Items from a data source
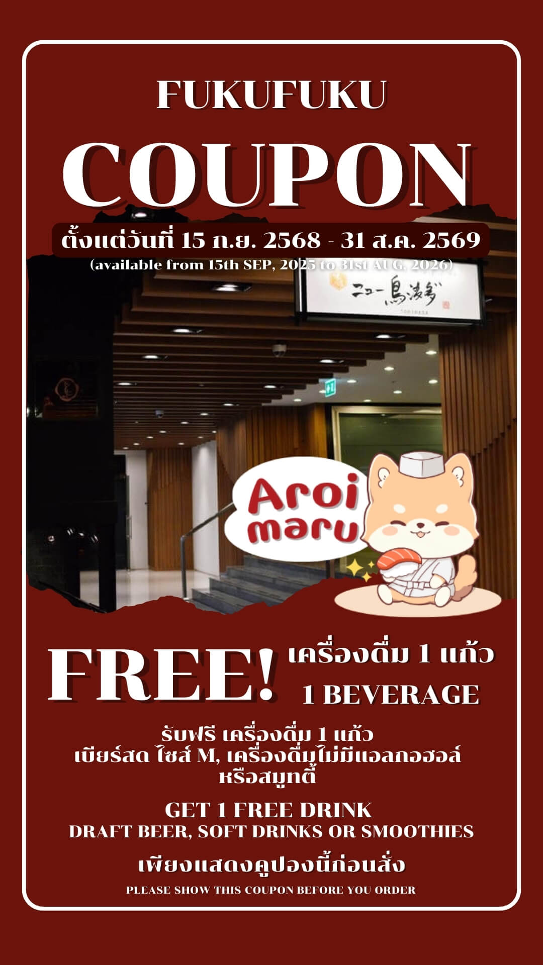 บรรยากาศภายในร้านถูกออกแบบให้มีความโปร่งสบายแต่ยังให้ความรู้สึกเป็นส่วนตัว มีที่นั่งหลากหลายโซนให้ได้เลือกสรร พนักงานทุกคนพร้อมให้บริการด้วยความใส่ใจแบบโอโมเตะนาชิ (Omotenashi) และสามารถแนะนำการจับคู่เมนูอาหารกับเครื่องดื่มได้อย่างมืออาชีพ เพื่อสร้างความประทับใจและความสุขให้แก่ลูกค้าทุกคน✨
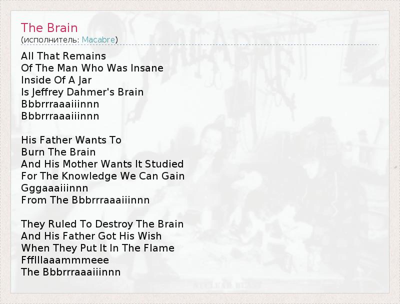 А как ты думаешь, о чем песня "The Brain" ?
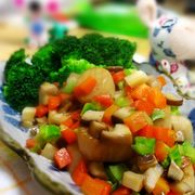 西兰花、杏鲍菇、胡萝卜、蔬菜高汤、蚝油、盐。
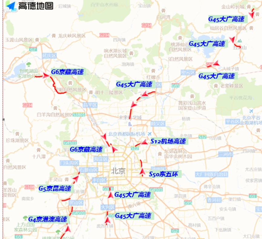 此外,怀柔、延庆、密云等地区将举办地区性民俗活动,郊区民宿预订较满,连接城区的京藏、京承、京港澳、京平等高速公路,民宿村落周边国道、市道及乡村道路车流量将增加。
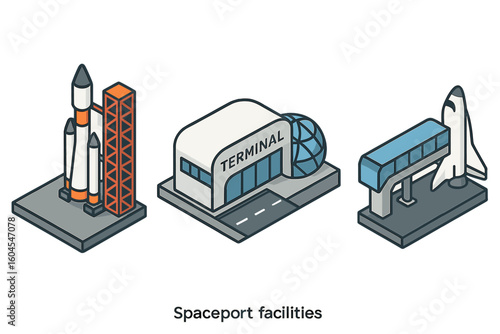 Spaceport facilities icon set. Isometric vector of a rocket launch tower, passenger terminal, shuttle boarding ramp. Space tourism, exploration, future travel concept.
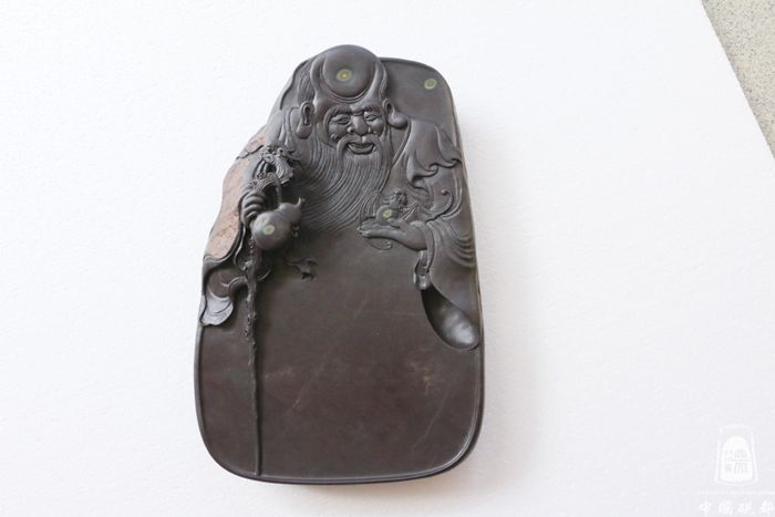 点评:寿星,人们又称之为南极仙翁,寓意多寿多福。该砚利用砚材本身形状和石品,雕塑一个寿星公,石眼点缀寿星和身上宝物,增添不少灵气,雕刻线条十分柔美流畅,砚堂宽敞,美观又实用,是一件寓意深刻、精妙绝伦的佳作。
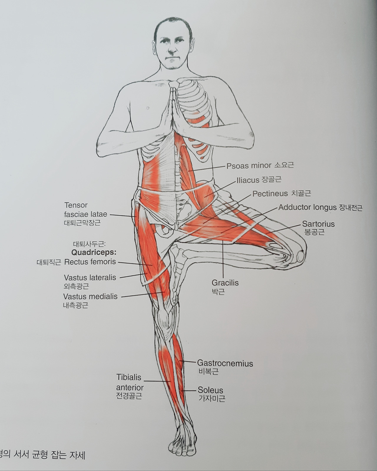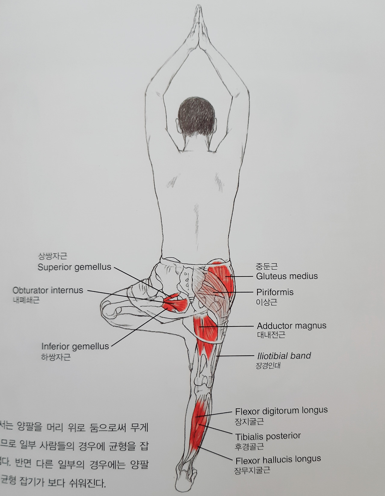 마음이 불안하면 호흡이 불안정하고 나무자세 역시 쉽지 않음을 알 수 있다. 땅을 지지하는 발에 힘을 주고 복부와 허벅지 엉덩이에 힘이 들어가게 한다. 그리고 천천히 숨을 들이마시고 내쉬면서 균형 잡는 것에 집중한다.
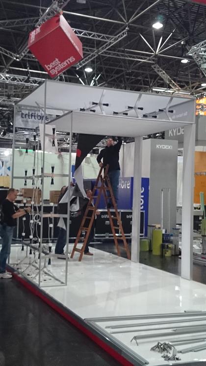 こんにちは、pansのいぬかいです。EuroShopレポートの最終回です。撤去の時の写真を公開します。best systemsは全ての壁面をマルチフレームのファブリックで構成している、と前回も書きましたが、ではこの写真のウォールペンギンはどうやって取付けてるんだろう? と不思議に思いませんか? 木工壁面じゃないのに・・・。
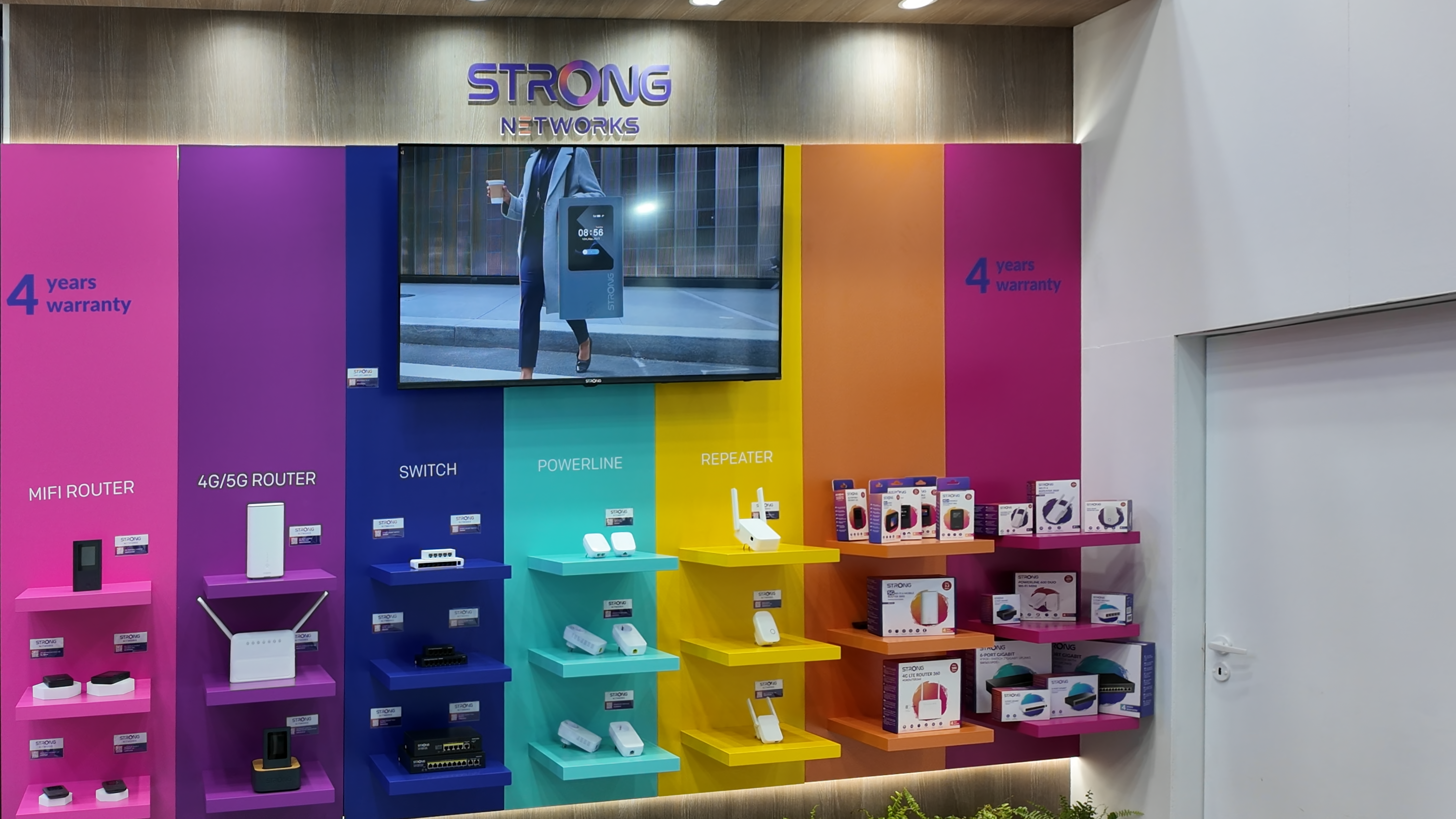 Spoločnosť Strong predstavila 27 nových produktov pre siete, zábavu a bezpečnosť. V kategórii Strong Networks uviedla 4G a 5G routery a mobilné hotspoty ako riešenie pre lokality bez optiky. 4GROUTER360 a 4GROUTER360M ponúkajú 4G do 150 Mbit/s a Wi-Fi 4 do 300 Mbit/s; kompaktné 4G+MIFI900 a 4G+MIFI900D prinášajú 4G+ do 300 Mbit/s a Wi-Fi 5 do 1200 Mbit/s. 5GMIFIAX1800 je „vreckový 5G hotspot“ s rýchlosťou do 3,4 Gbit/s a Wi-Fi 6 do 1,8 Gbit/s; voliteľný dok HOPI-D6 zvyšuje výkon Wi-Fi na 3 Gbit/s a pridáva dva gigabitové eternetové porty. Nový Wi-Fi 7 router BE3600 ponúka dvojpásmové rýchlosti až 3,6 Gbit/s s 2,5G WAN a tromi 1G LAN portmi.

--- Directions ---
Each line from the top of the records through the one containing "此外,怀柔、延庆、密云等地区" needs to be transcribed exactly, without pictures.

--- Response to the task ---
 บรรยากาศภายในร้านถูกออกแบบให้มีความโปร่งสบายแต่ยังให้ความรู้สึกเป็นส่วนตัว มีที่นั่งหลากหลายโซนให้ได้เลือกสรร พนักงานทุกคนพร้อมให้บริการด้วยความใส่ใจแบบโอโมเตะนาชิ (Omotenashi) และสามารถแนะนำการจับคู่เมนูอาหารกับเครื่องดื่มได้อย่างมืออาชีพ เพื่อสร้างความประทับใจและความสุขให้แก่ลูกค้าทุกคน✨
 А как ты думаешь, о чем песня "The Brain" ?
 西兰花、杏鲍菇、胡萝卜、蔬菜高汤、蚝油、盐。
 此外,怀柔、延庆、密云等地区将举办地区性民俗活动,郊区民宿预订较满,连接城区的京藏、京承、京港澳、京平等高速公路,民宿村落周边国道、市道及乡村道路车流量将增加。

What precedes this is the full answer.